Thank you for the pm's, phone calls, and orders in regards to my releases. Here is a picture of the available colors. Thanks again!


----------



## hotrodderscott (Feb 25, 2009)

I have been Shooting a BT (buck tooth) for 3 years now, not sure how long you have been producing your release but they are remarkable similar!


----------



## Unk Bond (Aug 1, 2004)

hotrodderscott said:


> I have been Shooting a BT (buck tooth) for 3 years now, not sure how long you have been producing your release but they are remarkable similar!
> View attachment 699087




***********************
Dose resemble BT (buck tooth)


----------



## HOOKER MAN (Jun 26, 2007)

*My Releases*

Yes it does. I was involved with that company until they took some of my ideas and ..... me. Thankfully I didn't tell them all of my ideas. That company still owes me money! Never will get my money. They failed. Wonder why? Now I have continued my releases 100% myself. Their loss! My happiness and no more sleepless nights. Don't know how they ever sleep. The Whalens Hooker Releases are.....The Orginal Release Turning Heads. Thanks! PS. The bucktooth came out in 2008. Sorry it's not been 3 years.


----------



## HOOKER MAN (Jun 26, 2007)

*record straight*

Another for the record. I'm the inventor of the Ideal Release. (MRIDEAL 2006) Unvailed the Ideal Release at the 2007 ATA Show.


----------



## pdj (Dec 1, 2005)

I love mine! I am spoiled and no other release gives me the confidence that the "Hooker" does. I like that I don't have a mtrigger to punch! Thanks for a great product!


----------



## hotrodderscott (Feb 25, 2009)

Well You have A great Idea! this is the first back-tension i have had the confidence to use for hunting! sorry to hear about the theft of your idea! Keep up the good work!


----------



## Red Boar (Mar 26, 2007)

BMG said:


> do you have a video to see one in action?

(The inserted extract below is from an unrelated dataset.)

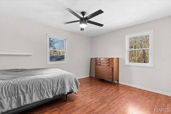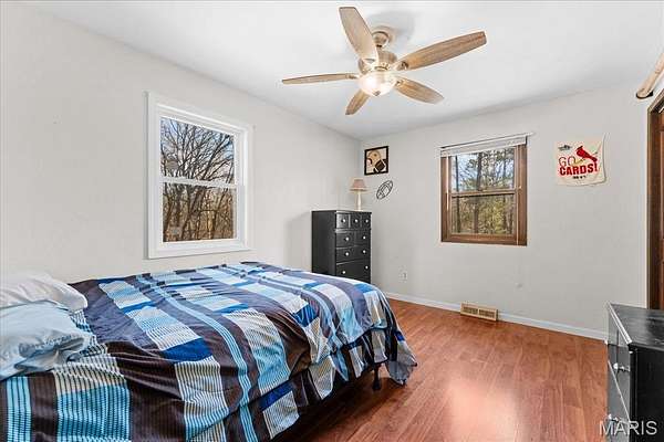 5 ACRES. NO HOA. PEACE & QUIET. Looking for relaxation? This is it. This 5 bedroom, 2 bathroom home in Waterloo sits on 5 beautiful acres with mature trees, abundant wildlife, and zero HOA fees. Want to 4-wheel? Go for it. Want space between you and the neighbors? You’ve got it. Enjoy your morning coffee on the deck overlooking your own private, scenic backdrop. Cozy up in either the living room or family room, both featuring wood-burning fireplaces and built-in bookcases for that warm, inviting feel. The 30x50 outbuilding is more than just storage, it’s a destination. Featuring a concrete floor, electric, heat, a built-in bar, and currently set up for gatherings, it’s ready for game nights, parties, or weekend hangouts. There’s even a loft for additional space, perfect for storage, an office, or bonus hangout area. Whether you’re into woodworking, working on cars, storing equipment, or finally having the ultimate workshop, you have the space to do it here. If you’ve been craving calm, privacy, room to roam, and space to entertain and create, this one delivers.

I agree...a video will be great. I am still unclear how and when it fires after reading the info. on the site. As a hunter, I need to know that I am the one to choose when it fires...what if I am at full draw waiting for a buck to clear a shooting lane? Maybe I don't fully understand BT releases because I've never used one. I just know that with a trigger, I choose the exact moment of fire. I am willing to learn and am open to a new idea though.


----------



## craigos (Aug 29, 2005)

Any plans for a 3 finger or an attachment to allow 3rd finger. I just cant shoot a 2 finger, too much weight on 2 fingers its uncomfortable.


----------



## HOOKER MAN (Jun 26, 2007)

As of right now there is no plans on a 3 finger model. It is easier to make a release that will be confortable and fit 2 fingers. Now you put 3 or 4 fingers in the release and it's almost imposible to fit most peoples hands and be confortable. With mine you can put your 3rd and 4th finger in your own personal position every time. You will maintain that dead center pressure on every shot. You don't fight the release to fire. With other releases you vary that pressure every shot. Consistancy is they key to consistant shooting. Keep the center pressure the same every time and you will shoot more consistant. PERIOD! Your index finger is your strong finger. Most shooters can pick up a 5 gallon bucket of water with their index finger. You sure could draw your bow back with release.


----------



## HOOKER MAN (Jun 26, 2007)

*Hooker Releases*

Thank you for all the orders, pm's, etc. this past week. Many more happy shooters out there now!


----------



## BowTaker (Apr 28, 2008)

HOOKER MAN said:


> Whalens Archery has another fresh batch of "Whalens Hooker Releases" in stock and ready for the indoor archery season. For you shooters that are not familiar with these releases you may check them out at whalenshookerreleases.com. For the shooters that don't use pay pal you may contact me and we can make other payment arrangements. Thank-You!


Good evening, how much for the 1" brass and monkey


----------